» The data
..........

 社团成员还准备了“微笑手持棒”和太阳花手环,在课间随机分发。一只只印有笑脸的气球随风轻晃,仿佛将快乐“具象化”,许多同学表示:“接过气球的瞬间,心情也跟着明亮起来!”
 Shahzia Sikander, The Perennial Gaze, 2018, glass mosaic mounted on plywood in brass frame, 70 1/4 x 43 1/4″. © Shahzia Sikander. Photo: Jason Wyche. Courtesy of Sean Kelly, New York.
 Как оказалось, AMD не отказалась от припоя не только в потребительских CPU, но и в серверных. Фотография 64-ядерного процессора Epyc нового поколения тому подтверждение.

..........

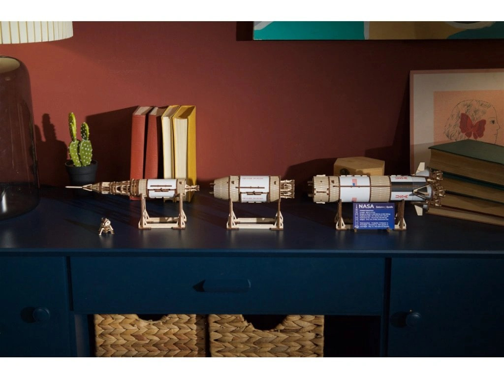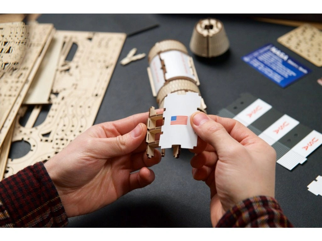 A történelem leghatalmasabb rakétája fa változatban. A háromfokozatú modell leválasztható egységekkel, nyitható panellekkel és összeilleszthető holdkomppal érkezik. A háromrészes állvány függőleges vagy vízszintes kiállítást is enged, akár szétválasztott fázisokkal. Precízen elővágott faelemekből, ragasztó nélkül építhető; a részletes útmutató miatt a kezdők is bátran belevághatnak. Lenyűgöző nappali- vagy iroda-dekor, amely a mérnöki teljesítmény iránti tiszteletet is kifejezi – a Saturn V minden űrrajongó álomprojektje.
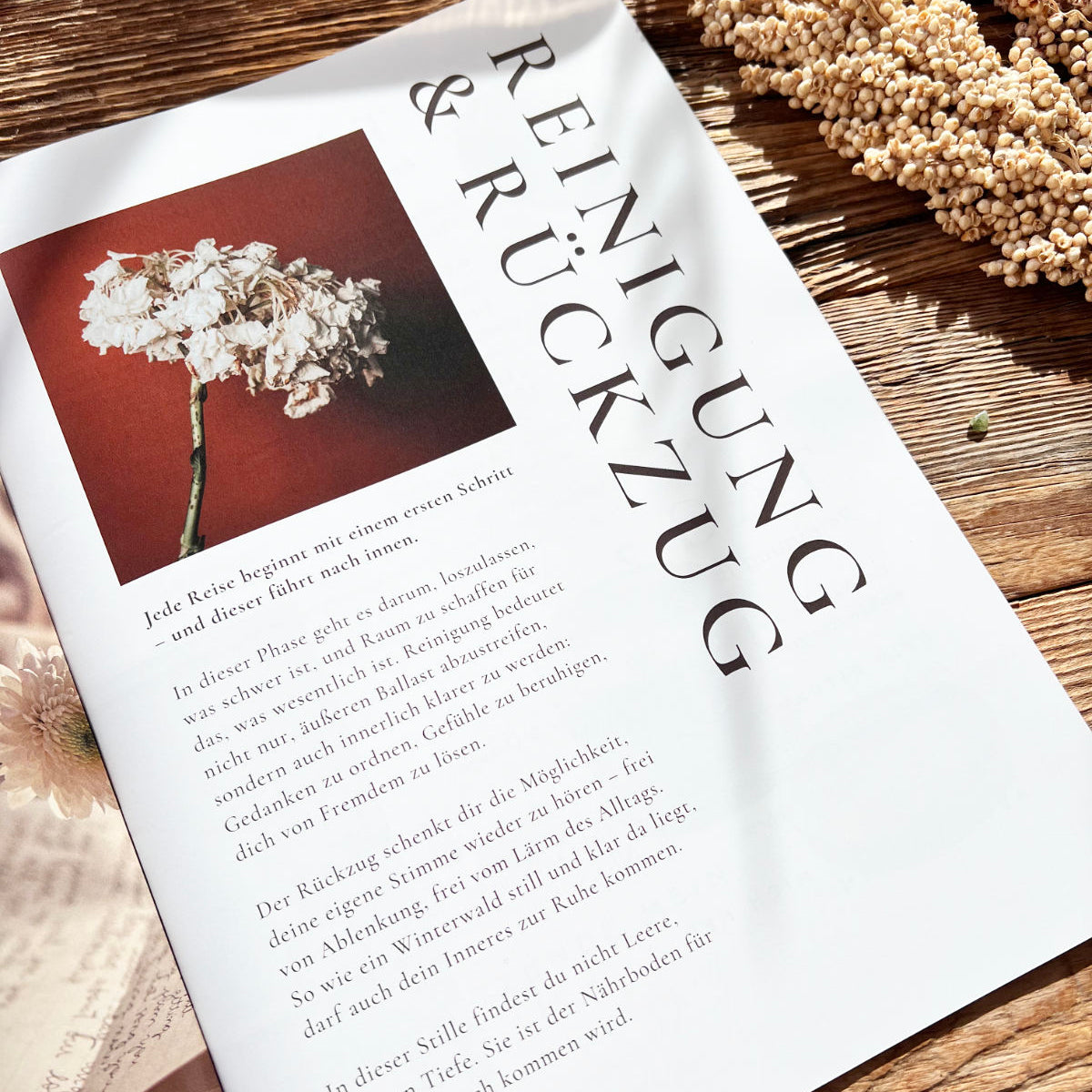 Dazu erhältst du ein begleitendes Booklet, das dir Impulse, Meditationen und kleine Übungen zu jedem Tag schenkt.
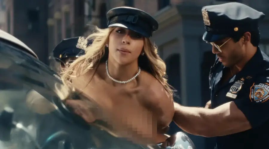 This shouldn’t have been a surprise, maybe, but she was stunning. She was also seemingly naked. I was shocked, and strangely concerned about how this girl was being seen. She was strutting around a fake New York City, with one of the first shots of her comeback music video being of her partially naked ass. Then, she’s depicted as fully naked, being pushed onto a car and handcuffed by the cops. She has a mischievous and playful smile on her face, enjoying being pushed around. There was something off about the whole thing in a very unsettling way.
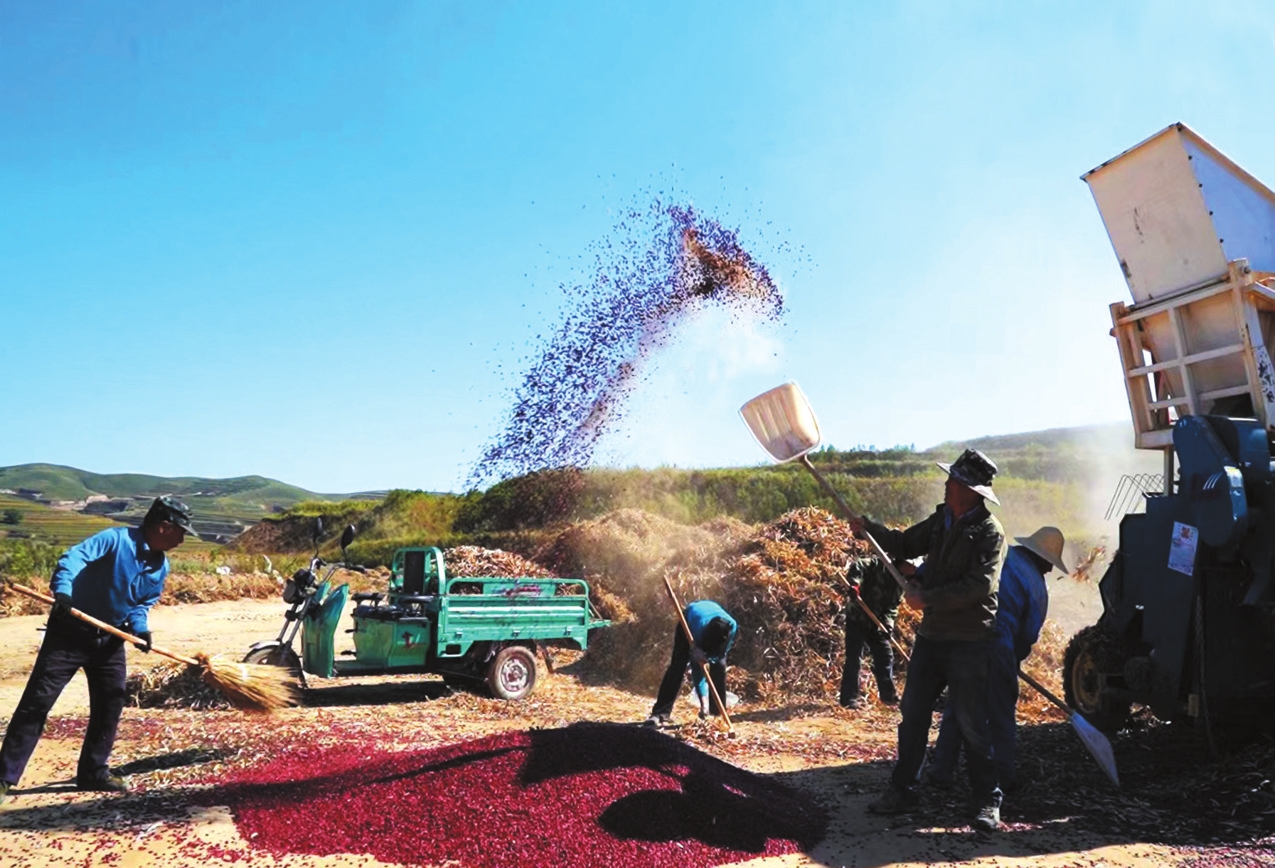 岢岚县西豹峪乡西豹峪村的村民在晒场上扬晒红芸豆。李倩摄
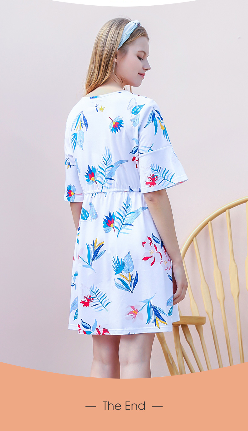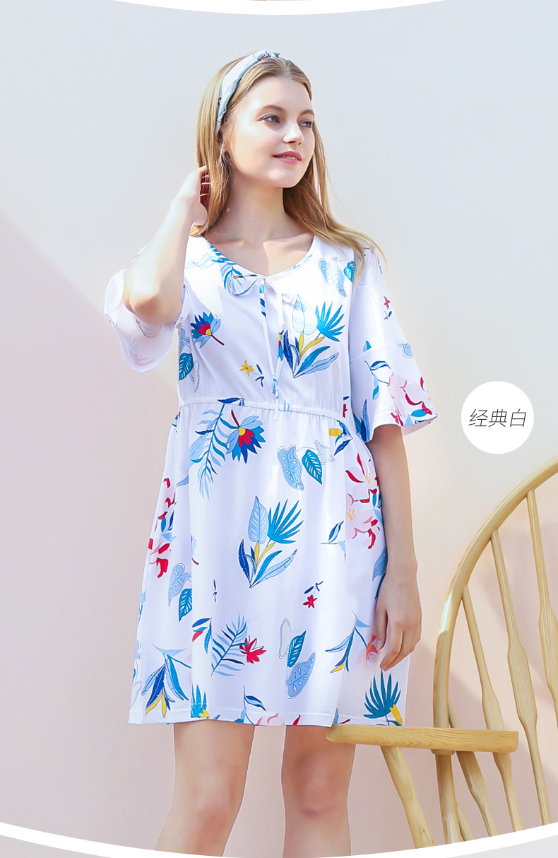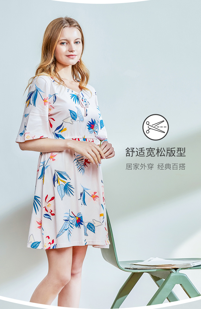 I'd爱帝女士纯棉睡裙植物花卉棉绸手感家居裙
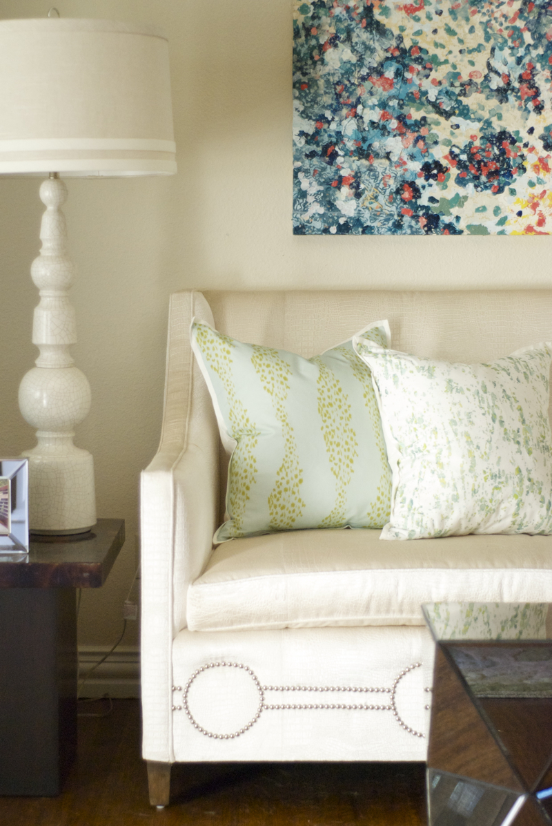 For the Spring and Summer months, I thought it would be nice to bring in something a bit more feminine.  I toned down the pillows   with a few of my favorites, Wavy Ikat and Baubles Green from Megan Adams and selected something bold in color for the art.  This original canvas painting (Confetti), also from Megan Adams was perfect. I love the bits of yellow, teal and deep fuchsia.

..........

» Your objective
Exercise for the records above: copy only the lines from the one with "A történelem leghatalmasabb" to the one with "Dazu erhältst du", both ends kept, and drop the pictures.

» Solved problem
 A történelem leghatalmasabb rakétája fa változatban. A háromfokozatú modell leválasztható egységekkel, nyitható panellekkel és összeilleszthető holdkomppal érkezik. A háromrészes állvány függőleges vagy vízszintes kiállítást is enged, akár szétválasztott fázisokkal. Precízen elővágott faelemekből, ragasztó nélkül építhető; a részletes útmutató miatt a kezdők is bátran belevághatnak. Lenyűgöző nappali- vagy iroda-dekor, amely a mérnöki teljesítmény iránti tiszteletet is kifejezi – a Saturn V minden űrrajongó álomprojektje.
 Dazu erhältst du ein begleitendes Booklet, das dir Impulse, Meditationen und kleine Übungen zu jedem Tag schenkt.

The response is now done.